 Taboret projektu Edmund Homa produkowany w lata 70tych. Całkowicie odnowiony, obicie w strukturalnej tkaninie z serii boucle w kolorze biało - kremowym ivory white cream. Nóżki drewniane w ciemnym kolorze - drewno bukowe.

|---|

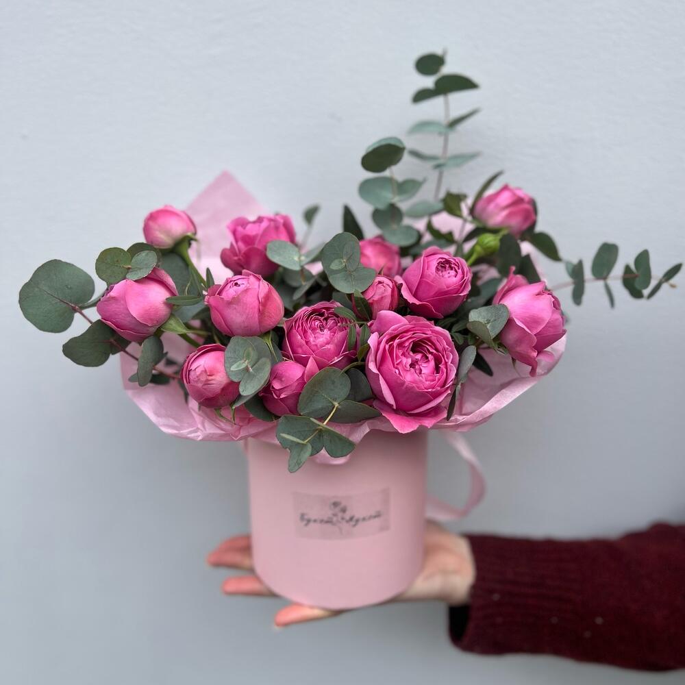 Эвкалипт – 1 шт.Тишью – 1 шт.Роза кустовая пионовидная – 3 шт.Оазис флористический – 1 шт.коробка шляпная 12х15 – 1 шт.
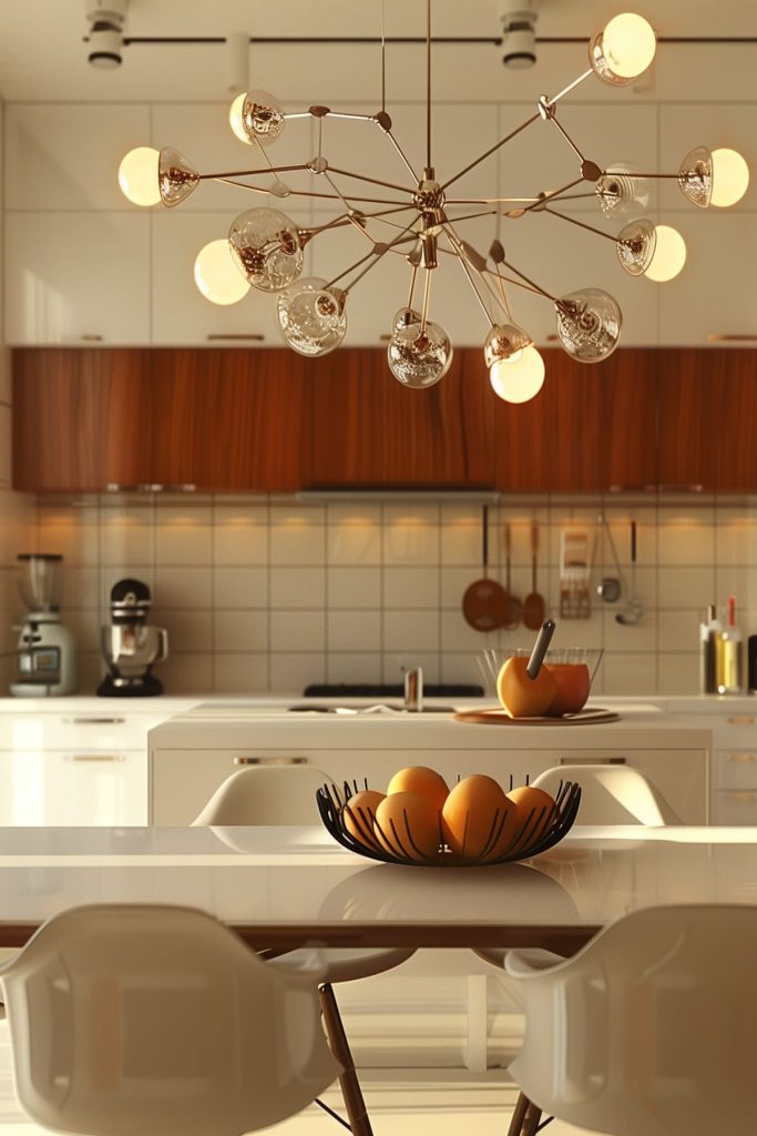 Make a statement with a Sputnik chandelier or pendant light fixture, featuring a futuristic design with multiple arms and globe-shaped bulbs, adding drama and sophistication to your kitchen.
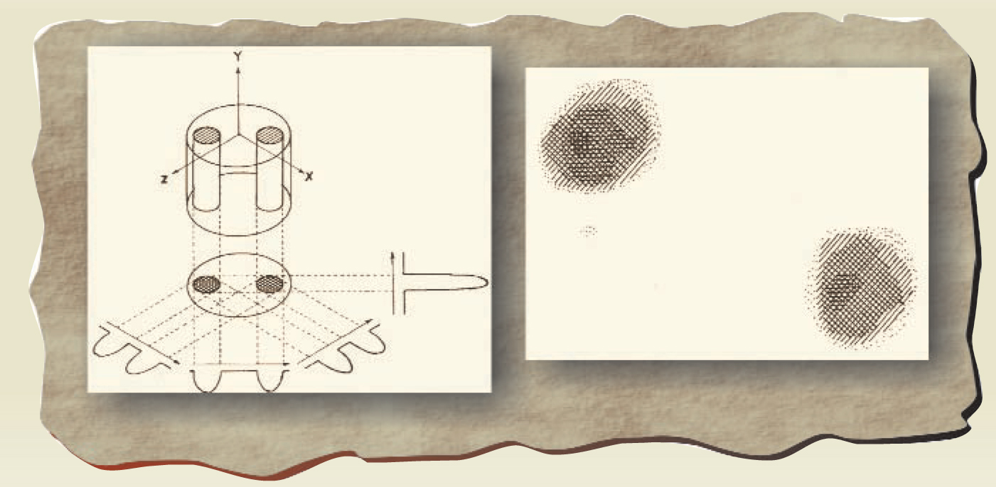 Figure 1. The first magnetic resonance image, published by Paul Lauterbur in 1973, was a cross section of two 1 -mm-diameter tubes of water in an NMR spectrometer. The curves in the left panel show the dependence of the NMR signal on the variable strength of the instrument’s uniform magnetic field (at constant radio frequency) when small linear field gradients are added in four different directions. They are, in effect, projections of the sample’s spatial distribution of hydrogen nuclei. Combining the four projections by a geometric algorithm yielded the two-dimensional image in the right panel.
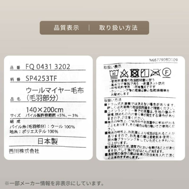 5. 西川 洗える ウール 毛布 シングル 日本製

|---|

- Exercise: Output only the lines above from the line that holds "Make a statement" through the line that holds "5. 西川 洗える ウール 毛布 シングル 日本製", both ends included, and exclude pictures.

- Output below:
 Make a statement with a Sputnik chandelier or pendant light fixture, featuring a futuristic design with multiple arms and globe-shaped bulbs, adding drama and sophistication to your kitchen.
 Figure 1. The first magnetic resonance image, published by Paul Lauterbur in 1973, was a cross section of two 1 -mm-diameter tubes of water in an NMR spectrometer. The curves in the left panel show the dependence of the NMR signal on the variable strength of the instrument’s uniform magnetic field (at constant radio frequency) when small linear field gradients are added in four different directions. They are, in effect, projections of the sample’s spatial distribution of hydrogen nuclei. Combining the four projections by a geometric algorithm yielded the two-dimensional image in the right panel.
 5. 西川 洗える ウール 毛布 シングル 日本製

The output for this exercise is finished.